- Location in St. Lucie County and the state of Florida
- Coordinates: 27°19′17″N 80°19′51″W﻿ / ﻿27.32139°N 80.33083°W
- Country: United States
- State: Florida
- County: St. Lucie

Area
- • Total: 2.54 sq mi (6.57 km^{2})
- • Land: 2.35 sq mi (6.09 km^{2})
- • Water: 0.19 sq mi (0.48 km^{2})
- Elevation: 0 ft (0 m)

Population (2020)
- • Total: 6,514
- • Density: 2,770.1/sq mi (1,069.55/km^{2})
- Time zone: UTC-5 (Eastern (EST))
- • Summer (DST): UTC-4 (EDT)
- FIPS code: 12-58725
- GNIS ID: 2403440

= River Park, Florida =

River Park is a census-designated place (CDP) in St. Lucie County, Florida, United States. As of the 2020 census, River Park had a population of 6,514. The population was 5,222 at the 2010 census, at which time it was listed as Port St. Lucie-River Park. It is part of the Port St. Lucie Metropolitan Statistical Area.
==Geography==

According to the United States Census Bureau, the CDP has a total area of 2.5 square miles (6.5 km^{2}), of which 2.3 square miles (6.1 km^{2}) is land and 0.2 square mile (0.5 km^{2}) (7.17%) is water.

==Demographics==

Historical population
| Census | Pop. | Note | %± |
| 1990 | 4,874 |  | — |
| 2000 | 5,175 |  | 6.2% |
| 2010 | 5,222 |  | 0.9% |
| 2020 | 6,514 |  | 24.7% |
source:

===2020 census===
As of the 2020 census, River Park had a population of 6,514. The median age was 50.4 years. 16.3% of residents were under the age of 18 and 26.9% of residents were 65 years of age or older. For every 100 females there were 95.3 males, and for every 100 females age 18 and over there were 92.5 males age 18 and over.

100.0% of residents lived in urban areas, while 0.0% lived in rural areas.

There were 2,873 households in River Park, of which 21.2% had children under the age of 18 living in them. Of all households, 37.5% were married-couple households, 23.0% were households with a male householder and no spouse or partner present, and 31.5% were households with a female householder and no spouse or partner present. About 33.4% of all households were made up of individuals and 18.9% had someone living alone who was 65 years of age or older.

There were 3,202 housing units, of which 10.3% were vacant. The homeowner vacancy rate was 2.8% and the rental vacancy rate was 7.0%.

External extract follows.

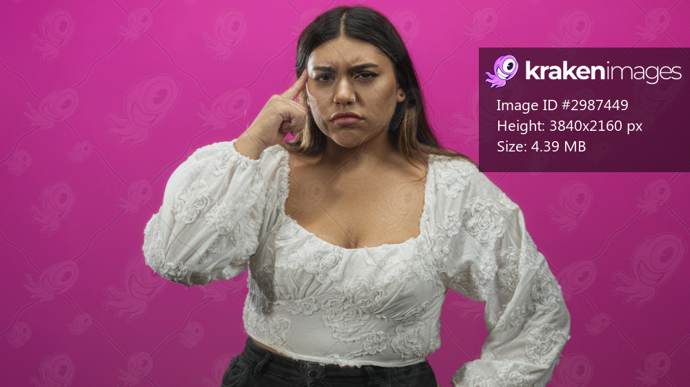 Woman points finger to temple with stern frown and furrowed brow, white embroidered blouse visible against pink studio backdrop; frustration thinking.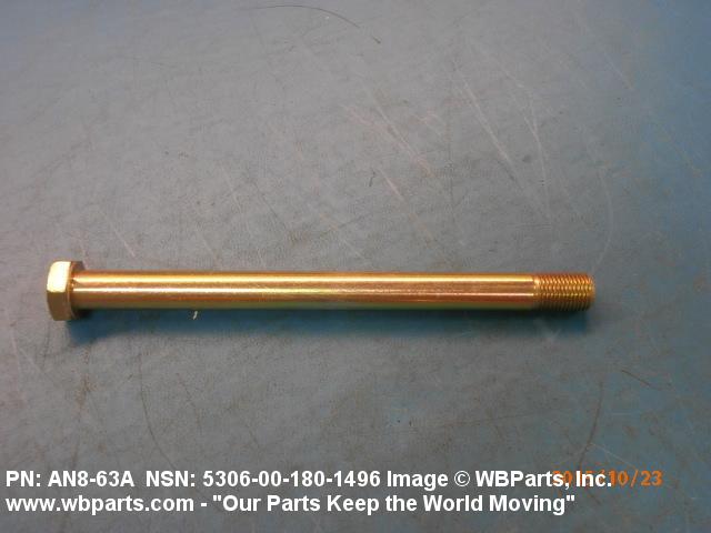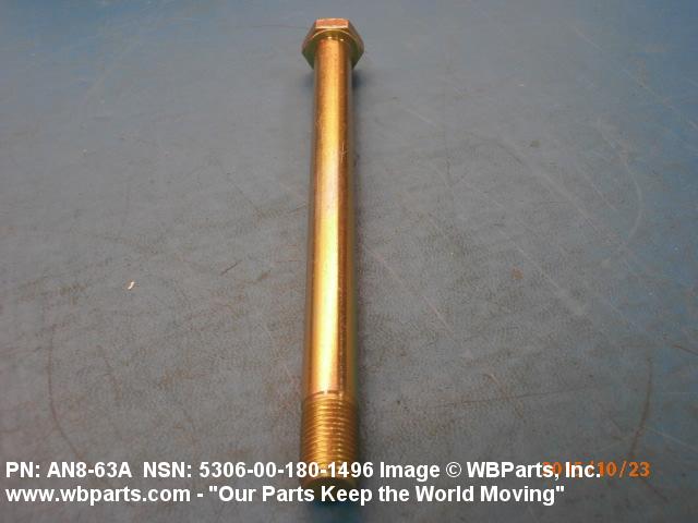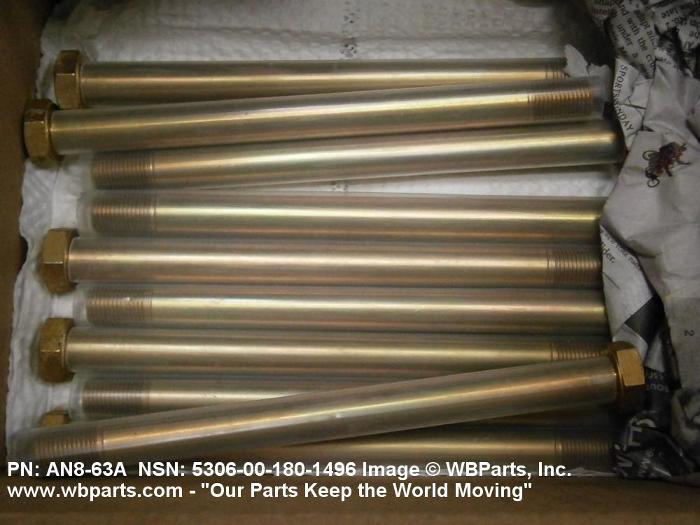 5306-00-180-1496 An externally threaded fastener designed for insertion through holes in assembled parts and normally intended to be tightened or released by torquing a nut. The threaded and unthreaded portions are both of one nominal diameter of 0.190 inch (5 mm) or larger. The head is not designed to be held or driven with an inserted driver or by the thumb and fingers. A locking feature may be incorporated in the design of the head or threads. Head dimensions and sizes of threaded and unthreaded portions shall conform to internationally recognized fastener standards. For items having a grip length portion machined to a tolerance of 0.0015 inch (0.038 mm) or less, BOLT, SHEAR. See also SCREW, CAP, HEXAGON HEAD and SCREW, MACHINE.

Racial composition as of the 2020 census
| Race | Number | Percent |
|---|---|---|
| White | 4,194 | 64.4% |
| Black or African American | 715 | 11.0% |
| American Indian and Alaska Native | 29 | 0.4% |
| Asian | 87 | 1.3% |
| Native Hawaiian and Other Pacific Islander | 2 | 0.0% |
| Some other race | 523 | 8.0% |
| Two or more races | 964 | 14.8% |
| Hispanic or Latino (of any race) | 1,480 | 22.7% |

===2010 census===
As of the census of 2010, there were 5,222 people, 2,383 households, and 1,467 families residing in the CDP. The population density was 2,215.5 PD/sqmi. There were 2,698 housing units at an average density of 1,155.1 /sqmi. The racial makeup of the CDP was 91.07% White, 4.77% African American, 0.19% Native American, 1.10% Asian, 0.02% Pacific Islander, 1.72% from other races, and 1.12% from two or more races. Hispanic or Latino of any race were 6.42% of the population.

There were 2,383 households, out of which 17.0% had children under the age of 18 living with them, 48.9% were married couples living together, 8.8% had a female householder with no husband present, and 38.4% were non-families. 31.4% of all households were made up of individuals, and 21.0% had someone living alone who was 65 years of age or older. The average household size was 2.16 and the average family size was 2.66.

In the CDP, the population was spread out, with 16.6% under the age of 18, 5.0% from 18 to 24, 22.2% from 25 to 44, 22.2% from 45 to 64, and 34.0% who were 65 years of age or older. The median age was 51 years. For every 100 females, there were 92.2 males. For every 100 females age 18 and over, there were 87.2 males.

The median income for a household in the CDP was $30,284, and the median income for a family was $36,932. Males had a median income of $28,409 versus $21,038 for females. The per capita income for the CDP was $22,217. About 4.4% of families and 9.2% of the population were below the poverty line, including 11.1% of those under age 18 and 7.0% of those age 65 or over.